PONOS ScorePONOS Score

Rather than start from a dataset, the team started from a definition. PONOS (Proportion of Negative Observed Signals) is the team’s first cut at putting the framework into numbers. The name itself is a quiet nod to the very principle the researchers emphasize: meaning is shaped by the audience. “Officially, we’re using only the Greek translation of PONOS — pain, ” Berezin says with a faintly Slavic smile.

To test the framework in the wild, the team turned to a behavioral proxy: r/BlackPeopleTwitter, a six-million-member community where African American Vernacular English is the norm and in-group reclaimed language is common. They collected nearly 90,000 posts and compared community reactions against the verdicts of OpenAI’s Moderation API and Google’s Perspective API.

PONOS measures how much backlash a post receives — the share of negative replies in a thread. If 320 of 1,000 comments are negative, the score is 0.32. The higher the score relative to the norm, the more tension the post likely sparked.

PONOS barely tracked with either commercial system — a weak correlation, around 0.2 on a 0–1 scale. The two text-only systems agreed with each other; neither agreed much with the community.

About a third of posts split the two approaches: some looked lexically clean but drew sharp community backlash; others used in-group slang that the APIs flagged as toxic but the community received without a problem.
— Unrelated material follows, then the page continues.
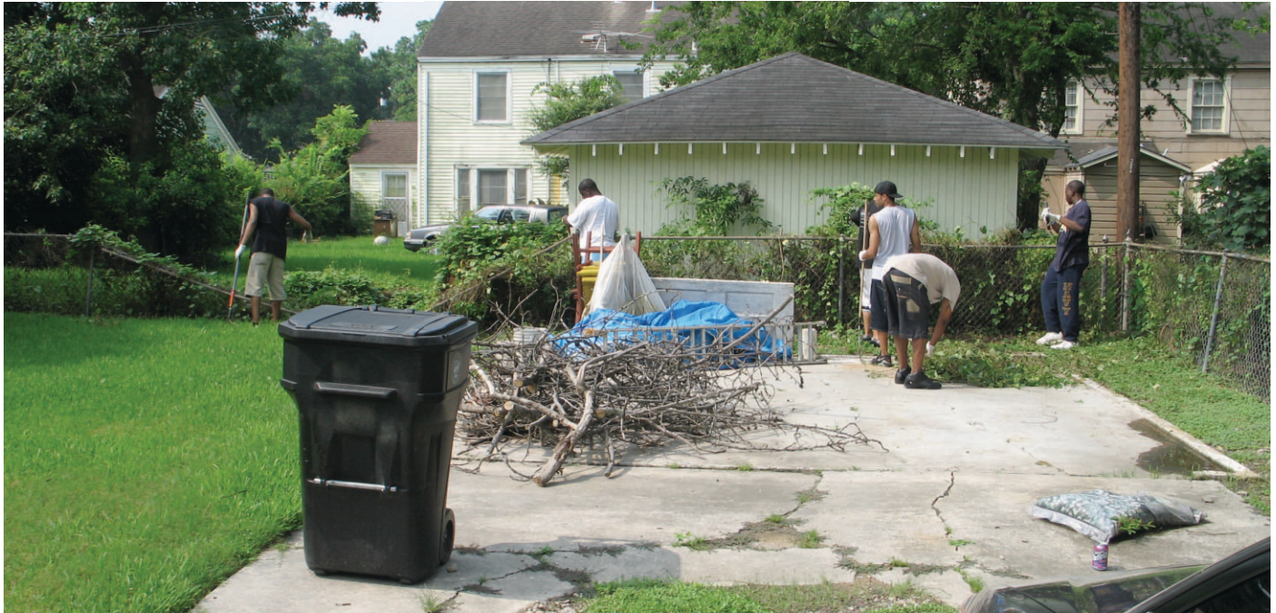
College brothers landscape and repair Alpha widow's fence.

The National Office will provide a template for operation, education, and training on the Brother's Keeper Program. The National Office will also assist in identifying and recommending qualified assistance programs, funding support, and key contacts for the program.

“Just as we build models to translate across languages, we should build models that translate across contexts, ” Berezin says. He’s careful to call PONOS a proof of concept rather than the answer. It depends on visible audience reactions and signals that can also be biased. That is why, he argues, intrinsic text analysis and reception-based measurement should work together, not compete.

Now, Berezin plans to move beyond digital traces and focus on measuring biological stress responses directly: pulse, skin conductance, breathing rate. The medical literature already says these track stress with reasonable accuracy. “The signal is there, ‘ he says. The field just hasn’t bothered to look for it.

For Berezin, this is not only a technical project. “As IBM wrote in its 1979 manual, the final decision must rest with a human — because only humans bear responsibility, ” Berezin says. “That hasn’t changed. AI is just software that predicts the next token. Responsibility is still ours.”